中国が進出する。中国へ進出する。その光と影②

2009.08.11

経営・マネジメント

中国が進出する。中国へ進出する。その光と影②

洲崎 智広

今、旬である中国市場に関するレポート

携帯ゲームコンテンツを会社を北京で設立した直後に起きた悲劇、それは
突然の当局の規制でした。

①当局による突然の締め付けと規制
当時ですが、携帯コンテンツを配信する場合、日本では、コンテンツプロバイダーが直接キャリアへコンテンツを提供し、その後会員が入会するごとに、月額の会員料金が入る仕組みです。
中国では(当時)、このコンテンツプロバイダーとキャリアの間に、サービスプロバイダーが介在します。つまり、直接キャリアにコンテンツプロバイダーがコンテンツを提供できない仕組みになっています。(日本ですとサービスプロバイダーというと、インターネット時のイメージですね。)

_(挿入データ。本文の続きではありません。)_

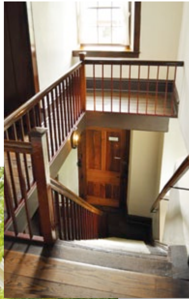
The mob ran up this stairway in Carthage Jail to get to Joseph and his companions.

このサービスプロバイダーに規制がかかりました。設立して、3か月後のことです。もともと、コンテンツ会社設立時に提携していたサービスプロバイダーですが、事実上関係会社でした。
それは良かったのですが、突如、資本金を日本円で、1億円にしろ、という当局の突然の規制が入ったのです。これは、あまりに寝耳に水で、驚きました。
当時ですが、雨後のタケノコのように、このサービスプロバイダーがあちこちに設立されておりました。これでは、当局が管理できない、ということで、資本金を積めない企業は、廃業しろ、という命令。これにより、財務力のあるサービスプロバイダーが残ることに。
慌てて、当時のパートナーであった中国人に無理やり1億円を集めていただき、事なきを得ました。

今考えると、このような当局の動きは、どの業界にも恐らく通じるものがあります。最近で、私が関連している中国市場での規制でいえば、クレジットカードの販売に関する規制です。中国では、原則銀行しかクレジットカードは発行できないのですが、その提携先の販売代理店が、その代行をできたのですが、これも4月以降は禁止されています。ほぼ突然に近いものです。(クレジットカードですので、犯罪が多いのが背景にあります。)ちなみに、カードを作る「個人」という関連でいえば、日本の個人情報保護法に匹敵するような法律も、今年の全人代<日本で言う国会>で制定されました。
(日本で昔、名簿屋で個人データが売買されていたように、中国もごく最近までそのような慣習があった、ということです。今年になって禁止です。)

それからもうひとつ、中国で企業を運営して泣かされたことは
②著作権・知的所有権に関する意識の希薄さ
これは、皆さんもご承知のことと思います。ゲームを扱っていますので、画面上のキャラクターもそうですが、プログラムも当然ながら、著作権が発生します。しかし、これらをまねたり、盗んだりは(日本でもありますが)、かなり頻繁と言わざるを得ないでしょう。
当時のプログラマーの社員が、ゲームのプログラムを盗もうとして、直前に発覚し、即解雇し、これも事なきを得ました。これは、今の企業でも問題として存在するはずです。